GIVEN DATA:

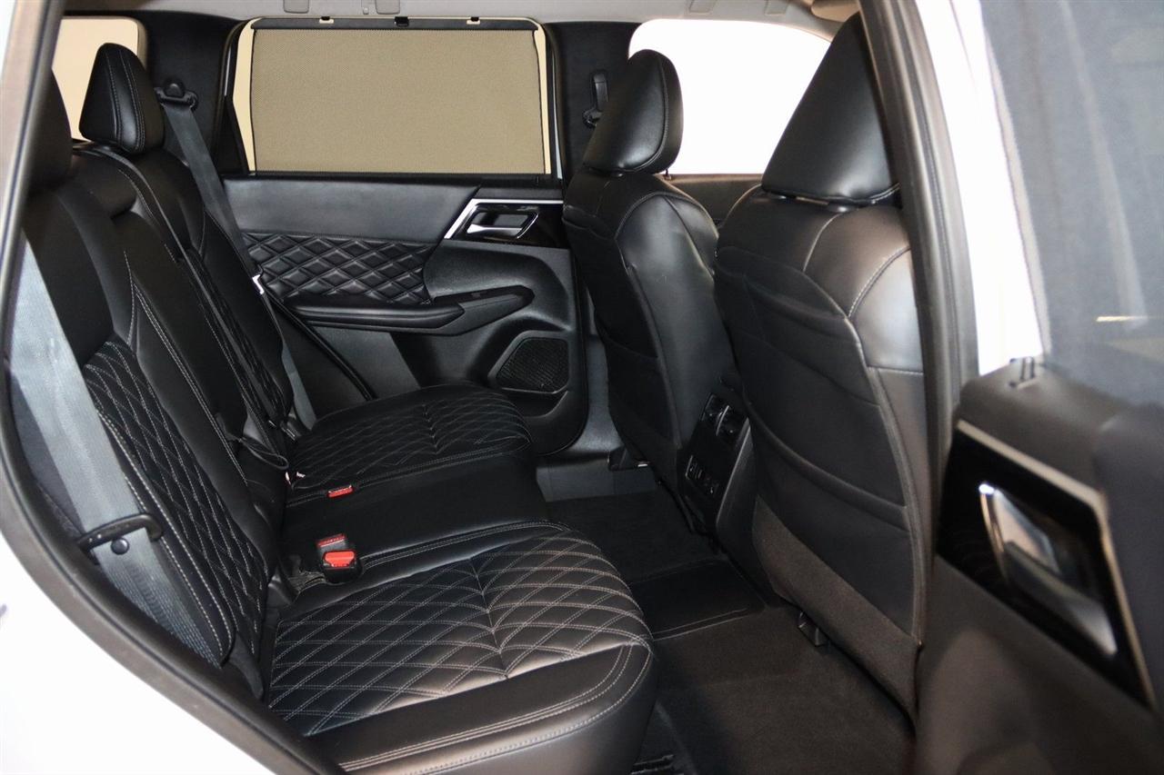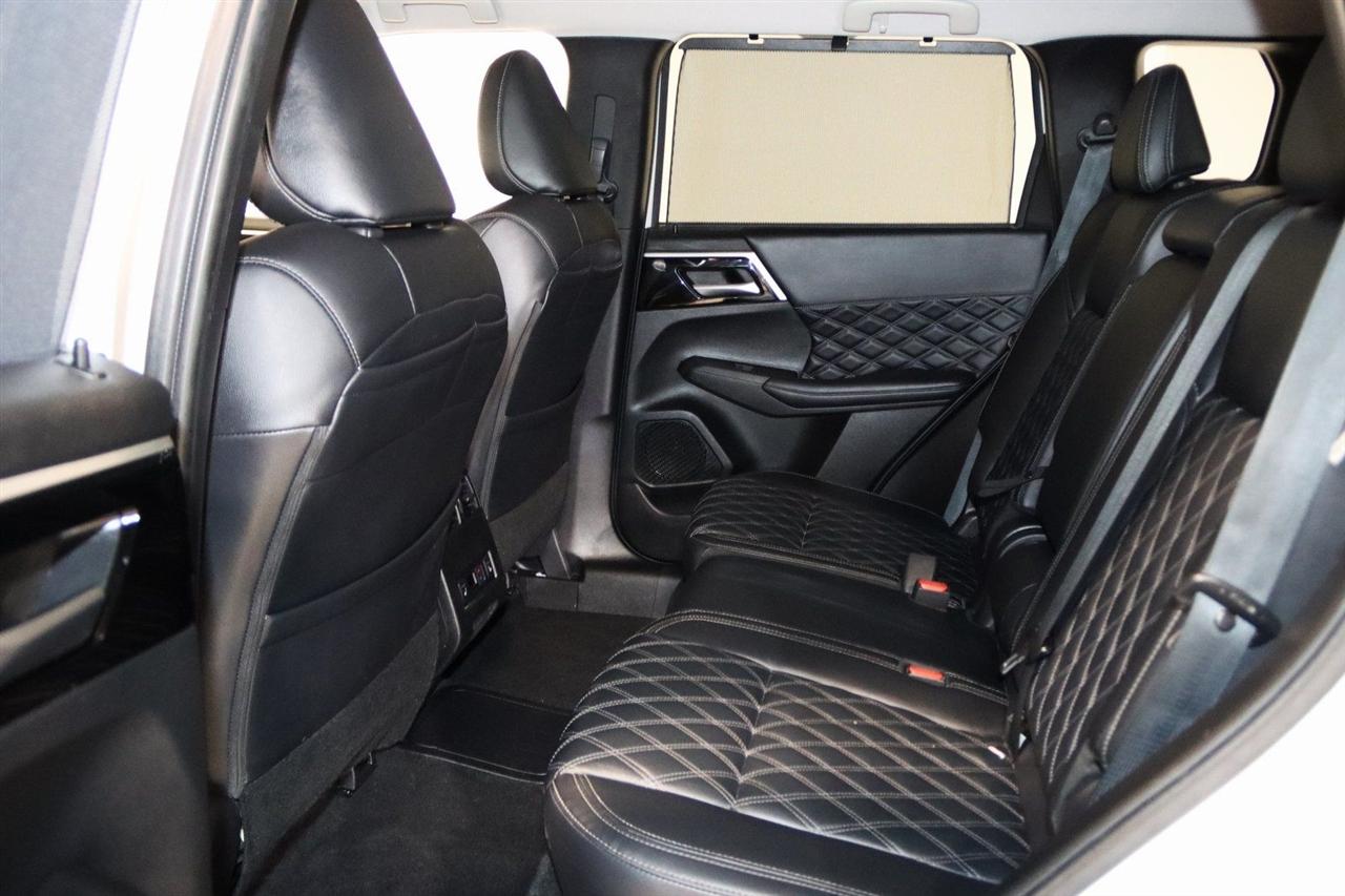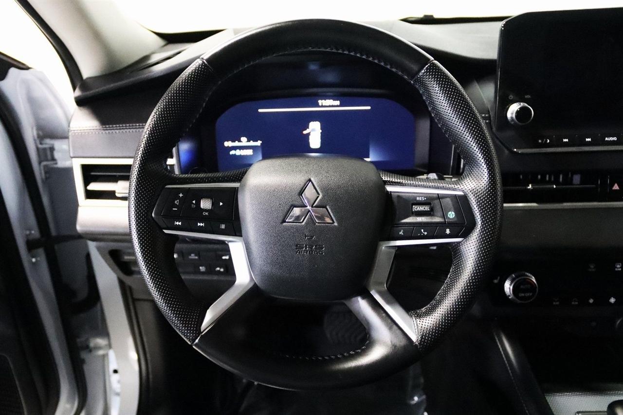 Navigation, Bluetooth, Back Up Camera, 3rd Row, 3rd row seats: split-bench, 4-Wheel Disc Brakes, 6 Speakers, ABS brakes, Active Cruise Control, Air Conditioning, Alloy wheels, AM/FM radio: SiriusXM, Android Auto & Apple CarPlay, Auto High-beam Headlights, Auto-dimming Rear-View mirror, Automatic temperature control, Axle Ratio: TBD, Brake assist, Bumpers: body-color, Driver door bin, Driver vanity mirror, Dual front impact airbags, Dual front side impact airbags, Electronic Stability Control, Emergency communication system: Mitsubishi Connect w/ 24-month trial, Four wheel independent suspension, Front anti-roll bar, Front Bucket Seats, Front Center Armrest w/Storage, Front dual zone A/C, Front fog lights, Front reading lights, Fully automatic headlights, Headlight cleaning, Heated door mirrors, Heated Front Bucket Seats, Heated front seats, Heated rear seats, Illuminated entry, Knee airbag, Leather Seating Surfaces, Leather Shift Knob, Leather steering wheel, Low tire pressure warning, Memory seat, Navigation System, Occupant sensing airbag, Outside temperature display, Overhead airbag, Overhead console, Panic alarm, Passenger door bin, Passenger vanity mirror, Power door mirrors, Power driver seat, Power Liftgate, Power passenger seat, Power steering, Power windows, Radio data system, Radio: AM/FM 9" Smartphone Link Display Audio, Rain sensing wipers, Rear air conditioning, Rear anti-roll bar, Rear seat center armrest, Rear side impact airbag, Rear window defroster, Rear window wiper, Reclining 3rd row seat, Remote keyless entry, Security system, Speed control, Speed-Sensitive Wipers, Split folding rear seat, Spoiler, Steering wheel mounted audio controls, Tachometer, Telescoping steering wheel, Tilt steering wheel, Traction control, Trip computer, Turn signal indicator mirrors, Variably intermittent wipers, Wheels: 20" Two-Tone Alloy. Priced below KBB Fair Purchase Price!
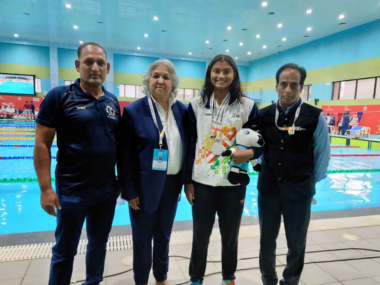 Apeksha at 48th Junior National Aquatic Championship, held at Bhubaneshwar, in 2022 after clinching the Best swimmer award
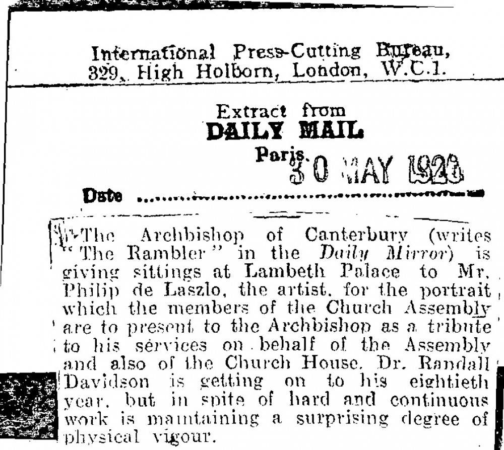 Daily Mail. The Archbishop of Canterbury is giving sittings to de László for a portrait [4632] which members of the Church Assembly will present to the Archbishop.

WHAT TO DO:
Take the line containing "Apeksha at 48th" and every line after it up to the end of the data, and write them out exactly, without the pictures.

RESPONSE:
 Apeksha at 48th Junior National Aquatic Championship, held at Bhubaneshwar, in 2022 after clinching the Best swimmer award
 Daily Mail. The Archbishop of Canterbury is giving sittings to de László for a portrait [4632] which members of the Church Assembly will present to the Archbishop.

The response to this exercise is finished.